The game is played in a pool, as the rules of water polo for dummies state. The dimensions are not standard, and they can vary. Water polo rules say the minimum water depth should be of 1.8 meters, but that is not always the case.

The layout shows markings in red and yellow at 2 and 5 meters and a halfway line in white. At the end and the length/width of the pool is a goal.

The goals can be 3 meters wide and 90 cm in height. The balls are yellow and have different sizes in different categories. There’s also a ”five-meter line” where penalties are decided that is marked by a yellow line.

 

  1. The players

Seniors games have seven players on each team, including the goalkeeper. Younger categories have six players. If a player is caught committing a foul, then the team will have one less teammate.

Players can be changed after fouls or during timeouts, and they enter and exit through the corner of the poor, right next to their goal. After the game is over, one can leave or enter anywhere they want.

If during the match a team has more players then it’s allowed, the opposing team has the right to a penalty. Although, there can only be one goalkeeper for each team at all times.

  1. The gear

Just like any game, water polo has its own equipment. The ball is the focal point, and it is usually yellow, so it’s easy to spot. It comes in two sizes and is designed using a rough texture so the players can grip it easily.

The goals in water polo are different than the ones used in other ball games. They need to float on water to stay still to be of use. And, of course, two goals are required for each game.

Other pieces of equipment include the cap to avoid injury, a mouth guard, and the appropriate swimwear, so the player moves seamlessly in the water.

  1. Gameplay

At the beginning of the periods, teams line up at the goal. Three players go to each side, and the goalkeeper goes inside it. The sprinter will start the goal if the ball is kicked into the center of the pool.
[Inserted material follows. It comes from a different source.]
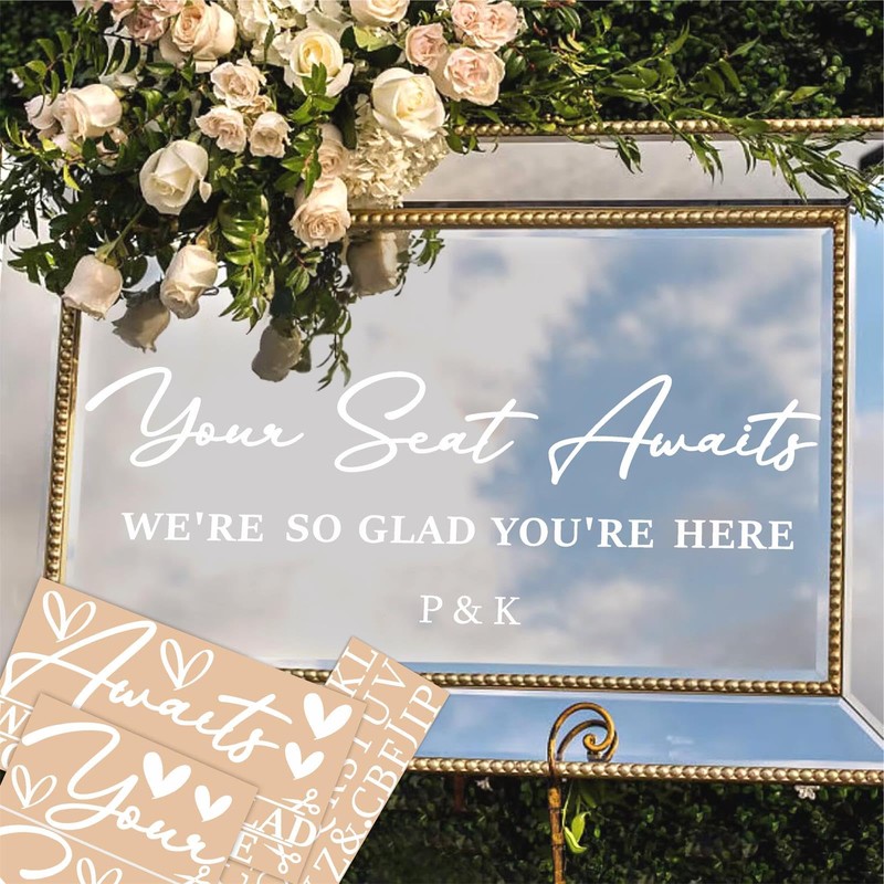 • What You Will Get: Total 3 sheets,size are 7.8*7.8 inches,5.9* 11 inches and 3.5*11 inches of Selfie Mirror Wedding Party Decals,"Your Seat Awaits" display size: 3.8*23.8 inches(you can adjust by yourself)

When the referee whistles, the basic rules of water polo say, the teams have to swim to the middle as the referee drops the ball. The first group that recovers it becomes the attacker until the defenders takes it from them.

There are cases when a foul is given before the teams reach the ball if a swimmer uses the side for speed advantages. If this happens, the defenders receive a free throw from the halfway line.

  1. Scoring

The rules and regulations of water polo say that when the ball passes between the goalposts and is under the crossbar, a goal is scored. If a ball bounces off a goal post into the field, it is rebounded by the players, and then they reset the shot clock.

If it reaches into the deck, the ball is given to the defense. This doesn’t happen if the goalie is the last one to touch the ball. In this case, the offense gets the ball at the two-meter line.

If the goalie manages to block a shot, the defense can have control of the ball and could decide to make a long pass to a player that stayed in his offensive part of the pool.

  1. Fouls

Fouls happen when a player prevents free movement of opponents that are not holding the ball. One foul is when a player reaches over the shoulder of a player from the opponent’s team to knock the ball and hinders him.

The major fault happens when the defensive players pull or hold with both hands the opponent that has a chance of capturing the ball. It includes dunking, pulling back and intentional splashing.

A brutality foul is when a player strikes or kicks an opponent with the intent of hurting him. If charged with a brutality, a player will be disqualified from the game.

  1. The officials

The most important official is the referee that has ultimate power when it comes to decisions.

The goal judge is not always available. Usually, they participate in high profile competitions. They signal when a goal is scored, improper enterings and say when it’s ok for the play to start.

The table officials are the timekeepers, and they track correct information regarding how the game is played. They also keep track of how the players behave.